Somewhat surprising was the lack of association between language spoken in the home and health literacy. Results from our models suggest that recent immigration to the U.S., rather than language spoken at home per se, is a stronger predictor of health literacy. Note, however, that our models were based on NAAL data, which assesses health literacy in the English language. Therefore, one’s health literacy skills may be higher in their native language than estimated by our models.

Another unexpected finding was that no difference in health literacy was found between those living in rural and urban locations. Results, however, may be limited by the only available measure of rurality in the NAAL: a dichotomous measure of MSA. It is more likely that health literacy follows an inverse U-shaped curve, where health literacy is lower, on average, among individuals residing in rural or urban areas, with individuals in suburban areas having higher health literacy, on average. Finally, the multivariate model was a stronger predictor of health literacy and explained substantially more of the variance than commonly used health literacy proxies such educational attainment or income.
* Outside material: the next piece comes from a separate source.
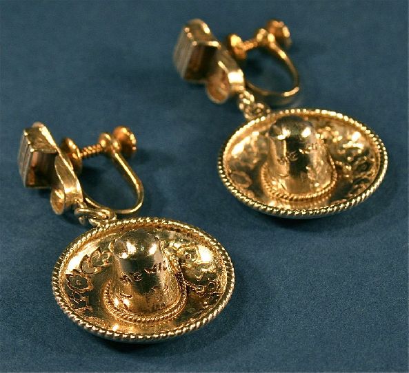 Title: Antique Silver Handmade Mexican Sombrero Hats & Shoe Earrings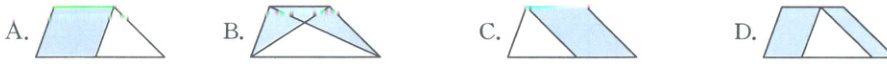 14. 在下面 4 个完全相同的梯形中,涂色部分的面积与其他不同的是(

Several limitations to these models are worth noting. First, the NAAL assessed health literacy using only printed materials. As a result, our models focus on the ability to read materials to accomplish health related tasks. They do not predict oral language (speaking) or aural language (listening) skills, which have been cited as important components of health literacy.17,16 Consequently, predictions of health literacy based on our models will not fully capture a broader conceptualization of health literacy. Second, although characteristics in our model were selected based on existing research findings and theoretical justification, there are likely other unmeasured characteristics that contribute to health literacy that were not included in the model, such as quality of education and state of residence. To assess the potential for regional variation in the models we did conduct stratified analyses for the four US Census regions (north, south, east, west; results not shown). Models predicting the mean health literacy score for each region explained between 27% and 31% of the variance in health literacy scores. While there were minor regional differences in the models, none of these were statistically significant (F test = 0.48, p-value = 0.99 for linear models; F test = 0.28, p-value = 1.0 for probit models).

These predictive models of health literacy expand our understanding of factors that contribute to low health literacy in the general population, and allow us to estimate the average health literacy of communities. In so doing, individuals and organizations serving communities with lower average health literacy may then target and implement a range of additional supports and strategies to increase individuals’ access to and understanding of health information. This includes, for example, offering in-depth patient counseling with nursing staff or health educators, where important information related to diagnosis, treatment and follow-up can be discussed using plain language and in a less intimidating environment. A significant advantage of such models is that, when applied to census data and well-defined geographic areas such as census tracts, the average health literacy of a region can be mapped, providing visual insight into local areas or “hot spots” of lower average health literacy within the community, further helping promote effectively and appropriately targeted action to reduce disparities, poor quality care and poor outcomes related to limited health literacy.